Mürselât Sûresi’nde on yerde tekrar edilen وَيْلٌ يَوْمَئِذٍ لِّلْمُكَذِّبِينَ / Vay haline o gün yalanlayanların” ayetinde Allah Teâlâ on farklı mevzudan bahseder ve her birini müstakil bir konu olarak arz eder; فَإِذَا النُّجُومُ طُمِسَتْ Yıldızların ışığı söndürüldüğü zaman diye başlayan ve وَيْلٌ يَوْمَئِذٍ لِّلْمُكَذِّبِينَ “Vay haline o gün yalanlayanların” ayetiyle biten birinci bölüm kıyâmetten, 16. ve 19. ayetlerden oluşan ikinci bölüm ise önceki milletlerin yok olmaları yanında, Allah’ın hakikati yalanlayanlara karşı değişmez kanunlarının olduğunu bildirir. 20. ve 24. ayetlerden oluşan üçüncü bölüm ise yaratılıştan ve bunun ilham ettiği takdir ve tedbirlerden bahsediyor.

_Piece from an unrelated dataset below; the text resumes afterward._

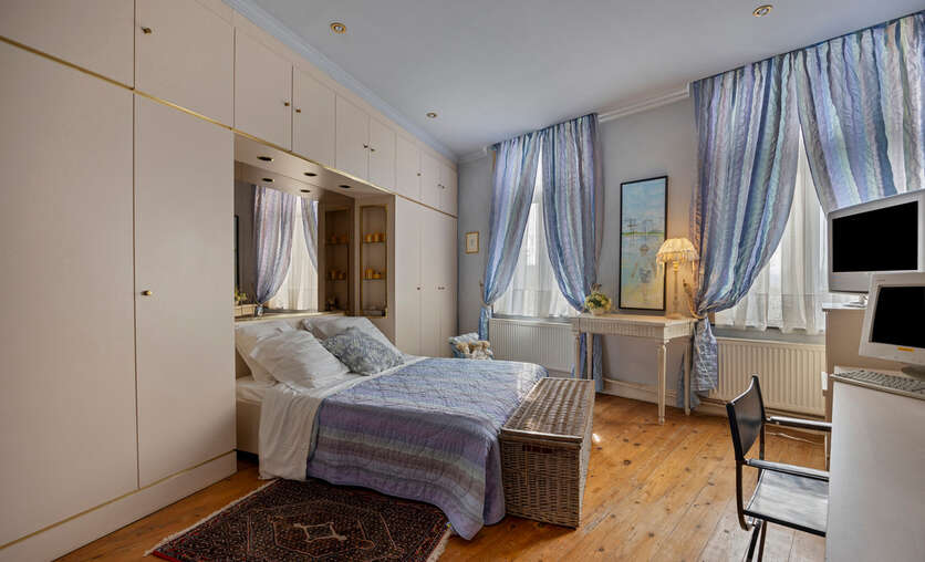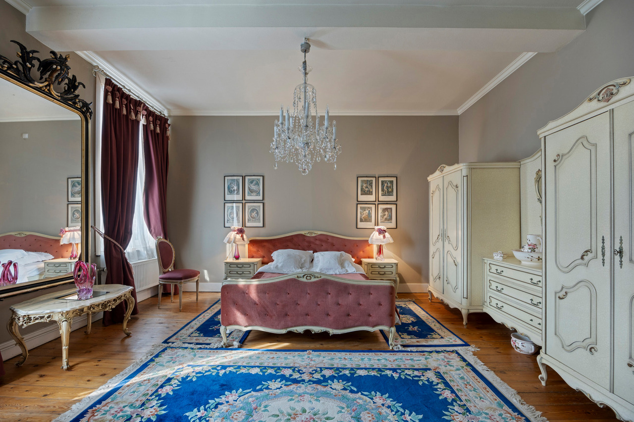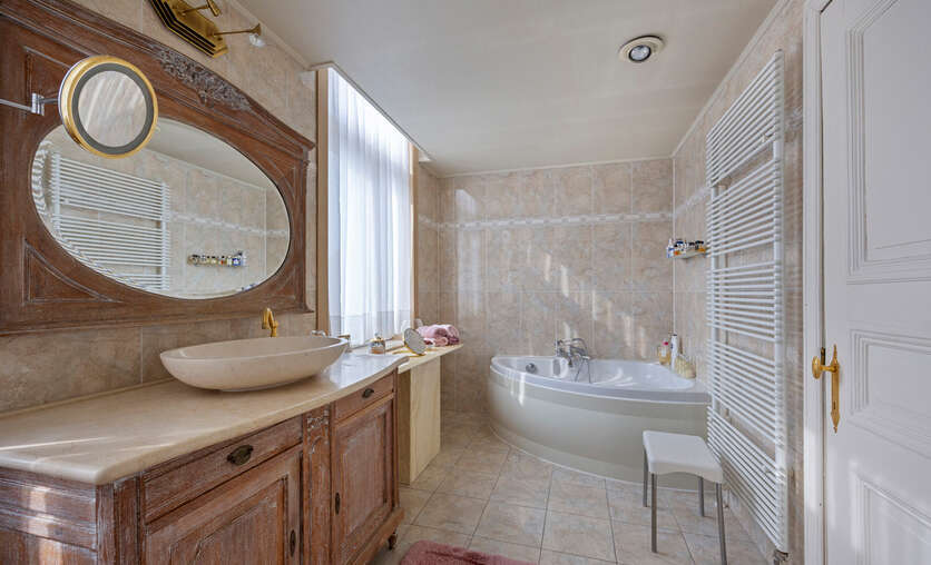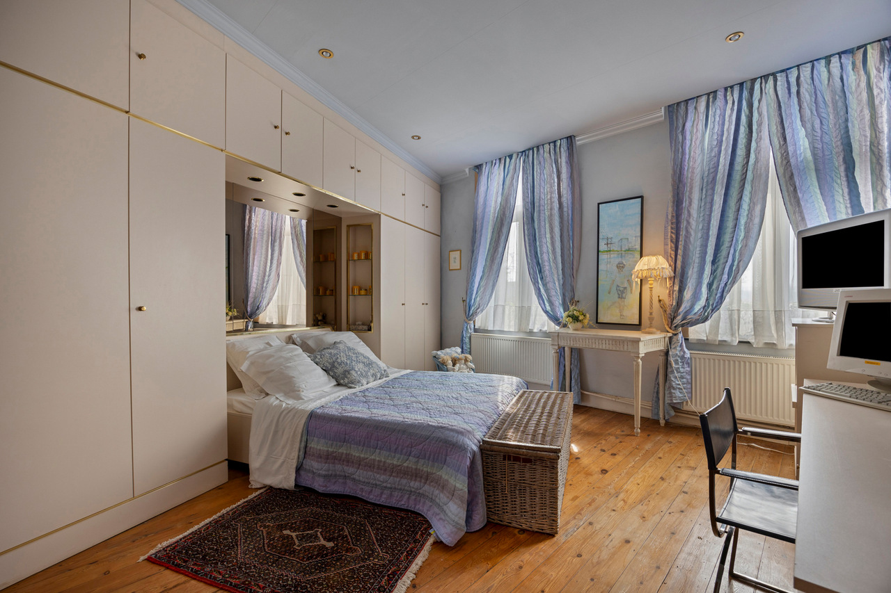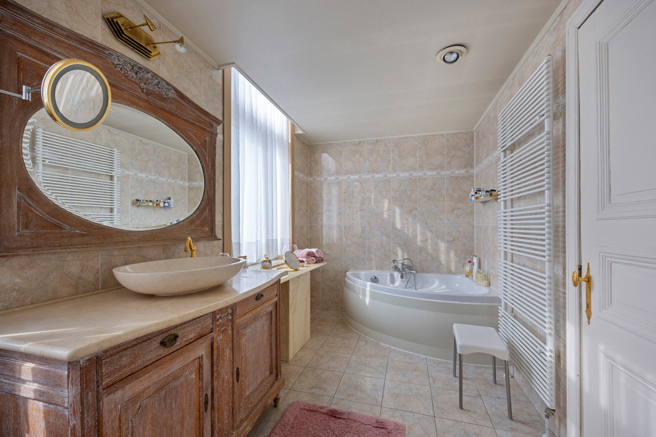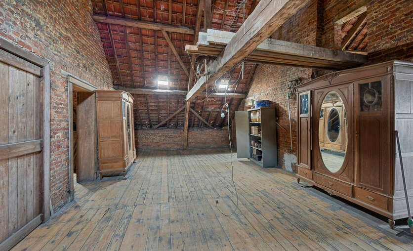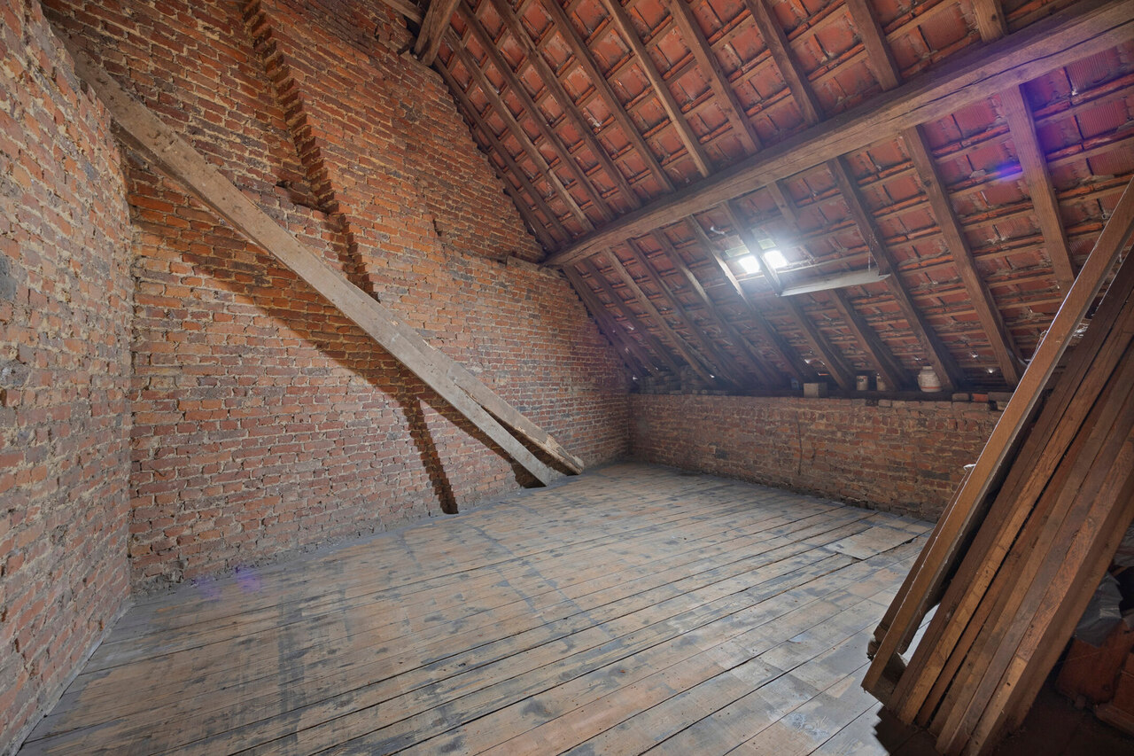 Op de eerste verdieping vindt u een ruime woonkamer, twee grote slaapkamers en een badkamer met ligbad, douche en dubbele wastafel. De zolder biedt nog mogelijkheden om drie tot vier extra slaapkamers te creëren.

Allah Teâlâ yaratılışın kodlarını unuttuğundan dolayı kendini kaybeden insanı, sûre içerisinde esasta birbirine bağlı, detayda farklı konularda ibret yolculuklarına çıkarır ve her yolculuğun nihayetinde وَيْلٌ يَوْمَئِذٍ لِّلْمُكَذِّبِينَ “Vay haline o gün yalanlayanların” ayetini zikrederek seyahati sonlandırır. Sûredeki her bir yolculuğun sonunda, insana Ahiret hatırlatılır, bir uyarı cümlesiyle ona “eşyayı gerçek şekliyle düşün”, denir. Tıpkı yolun ortasına yığılan bir sarhoşu polisin kaldırıp, “niçin eşyanın hakikatini yalanlarcasına, araçlara ait olan bu yolu yatak olarak kullanıyorsun?’’ şeklinde uyarması gibi. Sarhoş başka bir sokağa girip, öncekinde olduğu gibi yatarsa polis onu kaldırır ve yine aynı cümleyle ikaz eder. Allah Telala da وَيْلٌ يَوْمَئِذٍ لِّلْمُكَذِّبِينَ ayetini tekrar ederek dünyaya dalan ,bu dalışıyla da yaratılış amacını unutan insana “kendine gel” der.
İhsan Şenocak’ın Kur’ân-ı Kerîm Müdâfaası kitabının Kur’an Müdâfaası makalesinden alıntıdır.